Created attachment 1666294 [details] the logs It seems that ovn-controller sometimes misses port binding notifications. We're interested in why ovn-controller doesn't set up any port bindings for k8s-ci-op-7pxtd-m-2.c.openshift-gce-devel-ci.internal even though that interface has been added to OVS itself with the right iface-id.
ovn2.12.x86_64 0:2.12.0-32.el7fdn
openvswitch2.12.x86_64 0:2.12.0-21.el7fdn
Created attachment 1666372 [details] Full sbdb logs (leader + followers)

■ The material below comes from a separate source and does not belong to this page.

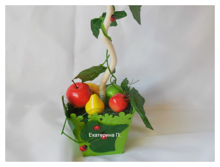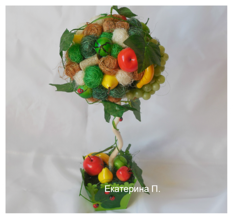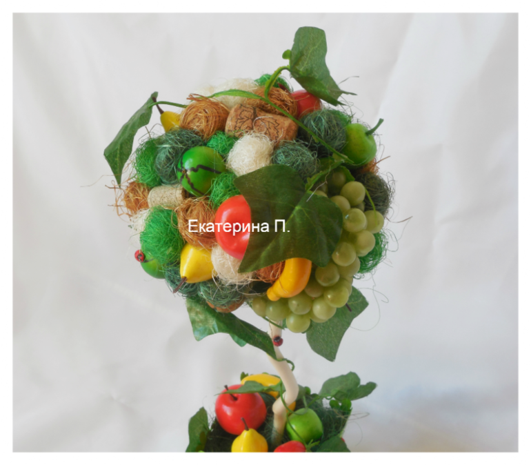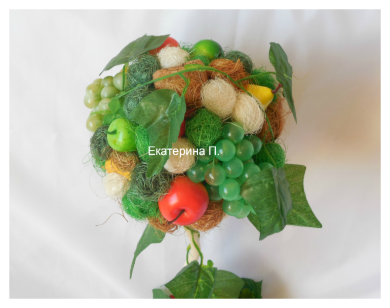 Теперь топиарии. Давненько мне хотелось сделать деревце с виноградом и бутылочными пробками )))

Created attachment 1666376 [details] working vs not-working ovn-controller logs (different nodes in the same run)
From the sbdb_leader.log we see that the ovn-controller where the issue is seen ("server13" in the logs) sends an incorrect "monitor_cond_since" request: 2020-02-27T21:03:38Z|02948|jsonrpc|DBG|ssl:10.0.0.3:38012: received request, method="monitor_cond_since", params=[ "OVN_Southbound", ["monid","OVN_Southbound"], [...] "Port_Binding": [ {"where": [ ["type","==","patch"], ["type","==","chassisredirect"], ["type","==","external"] ], "columns": [ "chassis", "datapath", "encap", "gateway_chassis", "ha_chassis_group", "logical_port", "mac", "nat_addresses", "options", "parent_port", "tag", "tunnel_key", "type", "virtual_parent" ] } ], [...] After this point the ovn-controller facing the issue ("server13") doesn't update the monitor condition, i.e., it doesn't send any other monitor_cond_since requests to OVSDB SB server. From the sbdb_follower2.log where the ovn-controller that doesn't hit the issue is connected ("server9" in the logs), we see the correct "monitor_cond_since" request, specifically no "where" clause for Port_Binding: 2020-02-27T21:03:38Z|01610|jsonrpc|DBG|ssl:10.0.0.4:42758: received request, method="monitor_cond_since", params=[ "OVN_Southbound", ["monid","OVN_Southbound"], [...] "Port_Binding": [ {"columns": [ "chassis", "datapath", "encap", "gateway_chassis", "ha_chassis_group", "logical_port", "mac", "nat_addresses", "options", "parent_port", "tag", "tunnel_key", "type", "virtual_parent" ] } ], This indicates that ovn-controller sometimes fails to properly disable conditional monitoring when ovn-monitor-all=true.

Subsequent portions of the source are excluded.